Originally developed in Ontario, The Parent-Child Mother Goose Program was created in 1986. The program is provided nationwide and is a group experience for parents, their babies, and their young children (0–5 in smaller age groupings). Group sessions focus on the use of oral rhymes, songs, and stories. These playful activities contribute to parent-child relationships, parental confidence, parental ability, child development, and both parent-parent and community connections. The Parent-Child Mother Goose Program is provided on a free, voluntary, and community oriented basis.

===My Tween and Me Parenting Program===
Developed in 2005 and launched by the BC Council for Families in 2006, the Council coordinates facilitator training for experienced parent educators in the program's promotion, marketing, and implementation. The My Tween and Me Parenting Program is provided in communities throughout British Columbia to prevent potential risks which may arise as a tween becomes a teenager.

	The program is designed to improve the relationship between parents and their tween child (ages 7–12). Through emphasizing strong relationships early on, program leaders educate parents on how to remain a key source of information and influence for their growing tween. My Tween and Me is a research based prevention program influenced by ecological systems theory. Working alongside a trained facilitator, groups of parents develop effective strategies by meeting and working through six sessions. Sessions include: Healthy Development, Life at School, Family Relationships, Peer Relationships, Today's World and Building Community.

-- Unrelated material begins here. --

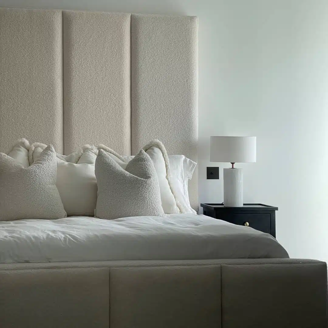 - Tall headboard with four vertical panels
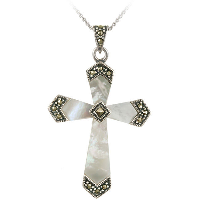 Wear and show the definition of religion with this beautiful cross pendant. The pendant showcases a mother of pearl cross etched with marcasite stones and polished sterling silver. The marcasite studded bale dangles from an 18-inch rolo chain. Pendant and chain are crafted of sterling silver. Product Details Metal Type: sterling-silver Metal Stamp: 925-sterling Width: 28.8 mm Height: 47.95 mm Clasp Type: spring-ring Chain Type: rolo Chain Length: 18 Stone Details: marcasite Stone Weight: 0 Shape: round-shape Setting: pave marcasite Stone Weight: 0 Shape: square-shape Setting: pave

===Home Visitor Training Initiative===
Since 2007, the BC Council for Families' Home Visitor Training Initiative has trained para-professionals across British Columbia in effective home visiting skills, procedures and strategies. The council also provides online resources, networking opportunities and support for home visitor initiative programs across the province. Home Visiting programs exist in many Canadian provinces. The goals of this service are to bring parents information and support to help improve their skill level, confidence, and to create accessible networks of ongoing parental support, reduce potential risk to children, and engage parents who lack immediate access to supportive assistance.

==Program networks==

===Father Involvement Network of BC (FIN-BC)===
The Father Involvement Network of British Columbia (FIN-BC) supports fathering researchers, practitioners, and policy makers in their attempts to create innovative fathering supports grounded in evidence. The BC Council for Families assists FIN-BC in providing training opportunities, resources, and participation in research projects.

===BC Alliance for Young Parents===
The BC Alliance for Young Parents works to support and empower young parents across the province of British Columbia. It is a network of family oriented professionals and organizations working towards creative, meaningful solutions to many of the challenges young parents currently face. Each year, an annual BC Alliance for Young Parents Conference is held to allow individuals to work together on solving these problems.